Replies are listed 'Best First'.
Re: How to read a GEDCOM file
by haukex (Archbishop) on Nov 19, 2017 at 12:37 UTC

    I don't know anything about this format, but CPAN is your friend, there is a module Gedcom that sounds like it will be able to help you.

    Note that your Perl source contains some invalid syntax*. Since you say you're just starting with Perl, I suggest starting with perlintro (which includes the tip to Use strict and warnings).

    It might be easiest to start with a bit simpler task, like reading the 10th line of a simple text file. <update> Once you get to the section "Files and I/O" of perlintro, you should be able to see what to change in your current script for it to read the lines from the file. </update>

    Also, the Basic debugging checklist contains some good tips, like to use Data::Dumper or Data::Dump to look at data structures, which will probably be helpful later on in inspecting the data that the module returns.

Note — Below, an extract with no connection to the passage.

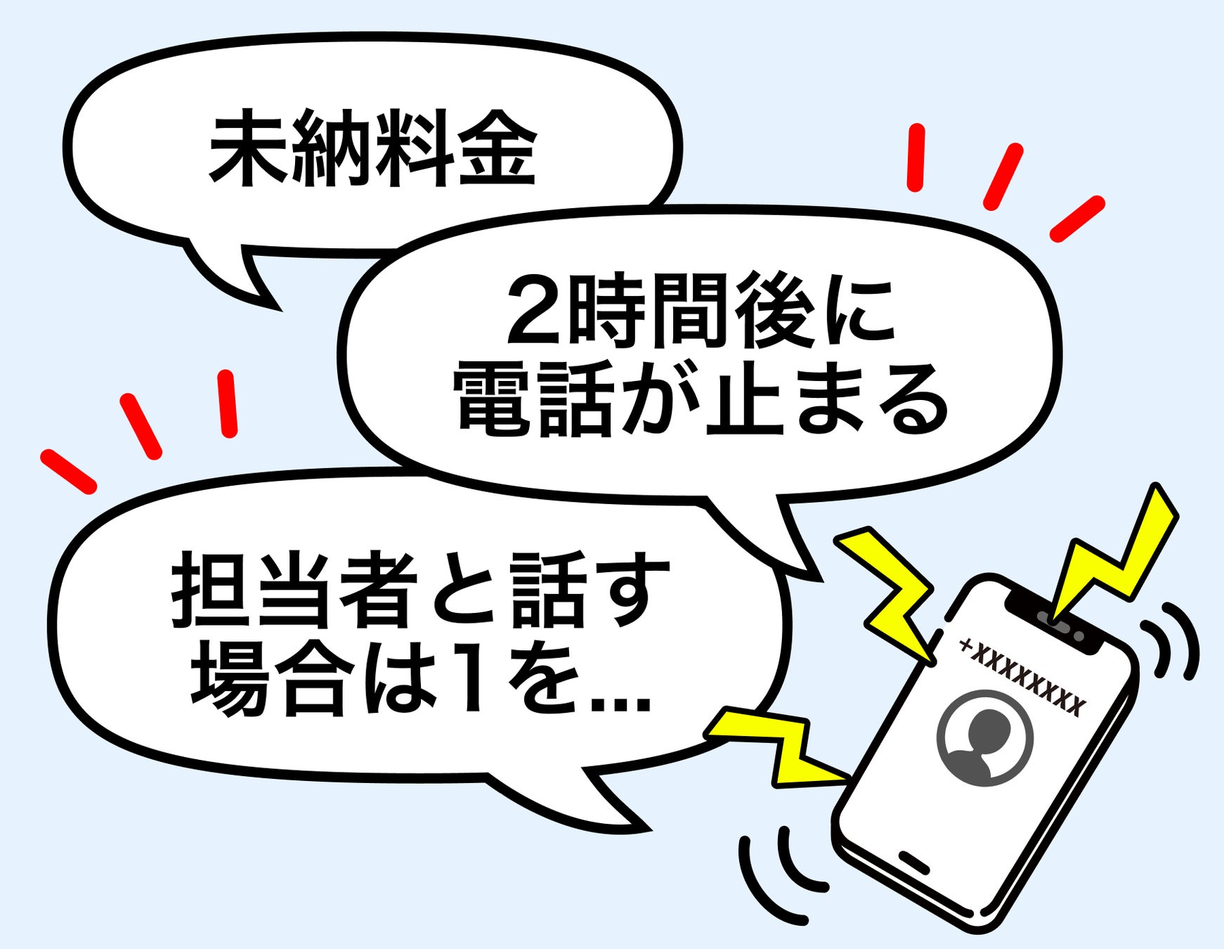 総務省や通信事業者をかたり「未納料金がある」「2時間以内に携帯電話が使えなくなる」「担当者につなぐ場合は◯番を押してください」などの自動音声が流れる電話が多発しています。指示に従うとオペレーターをかたる人物につながり、金銭の支払いを求められたり、個人情報を聞き出されたりする恐れがあります。
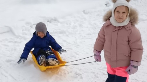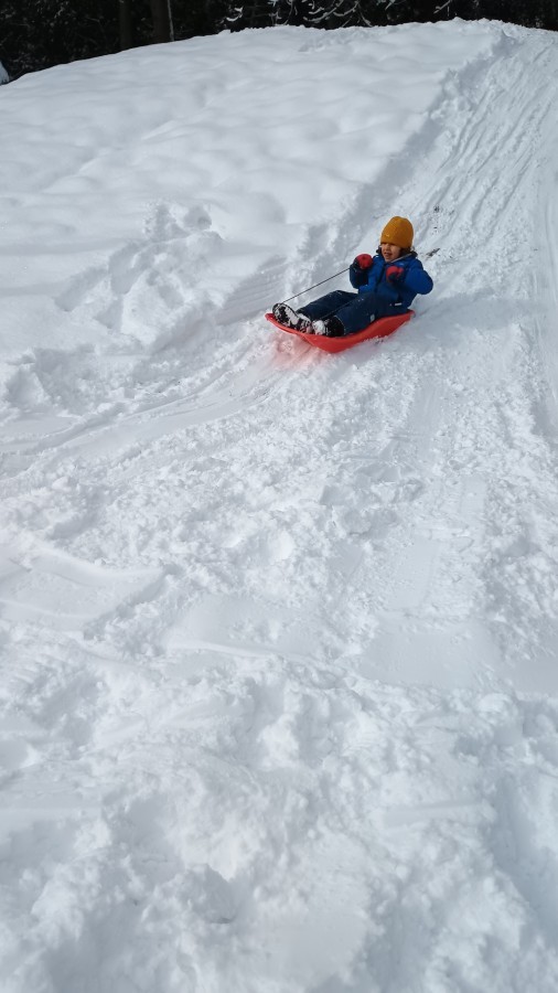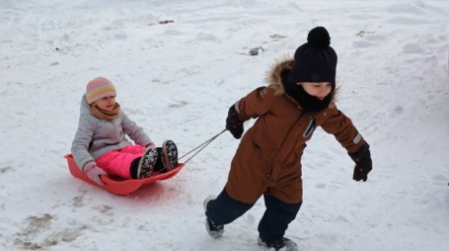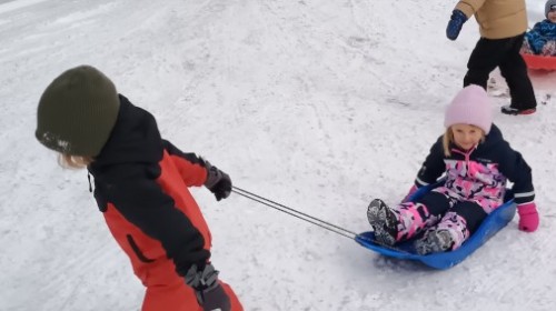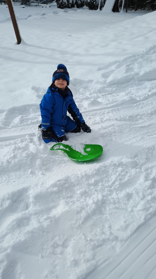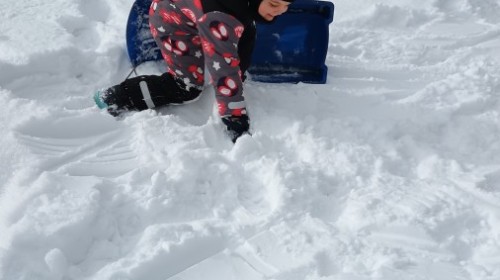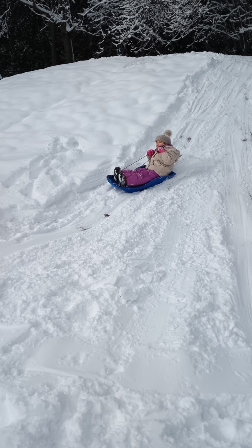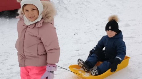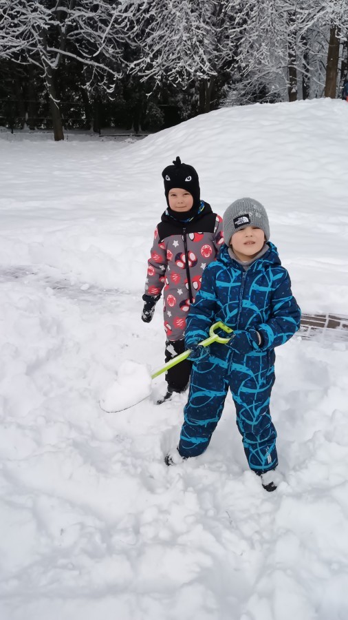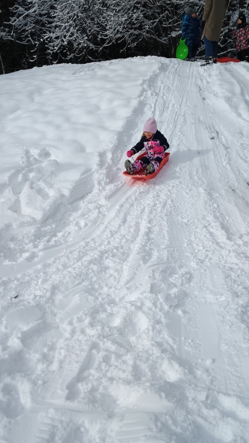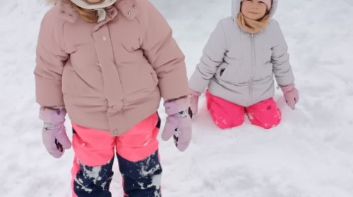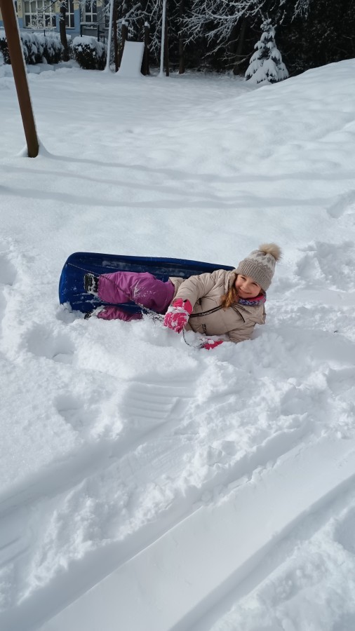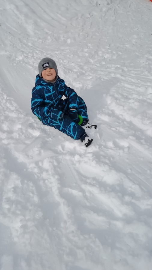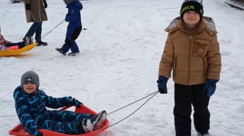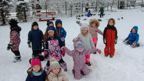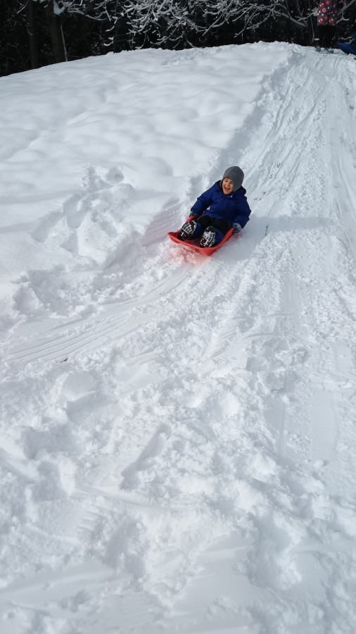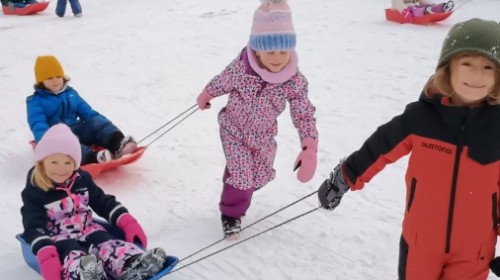 Korzystając z zimowej aury Smerfy wzięły udział w zajęciach z integracji sensorycznej w ramach projektu unijnego na świeżym powietrzu. Była gimnastyczna rozgrzewka, jazda na sankach w parach, zjazdy z górki na ślizgach i sankach oraz śnieżne budowle.

    We'll be happy to help with any questions you may have while learning. For asking questions, it's always best to include the code you are working on, with things irrelevant to the question removed (although the code should at least still compile, see SSCCE), short sample input data, the expected output for that input, and the actual output you're getting, including any error messages (with line numbers intact). See also How do I post a question effectively?

    * Actually, you've since edited your post to fix some of that. Please mark your updates as such, to prevent replies from being confusing - see How do I change/delete my post?

    Update: Typo fix: Data::Dumper, not "Date::Dumper", thanks 1nickt!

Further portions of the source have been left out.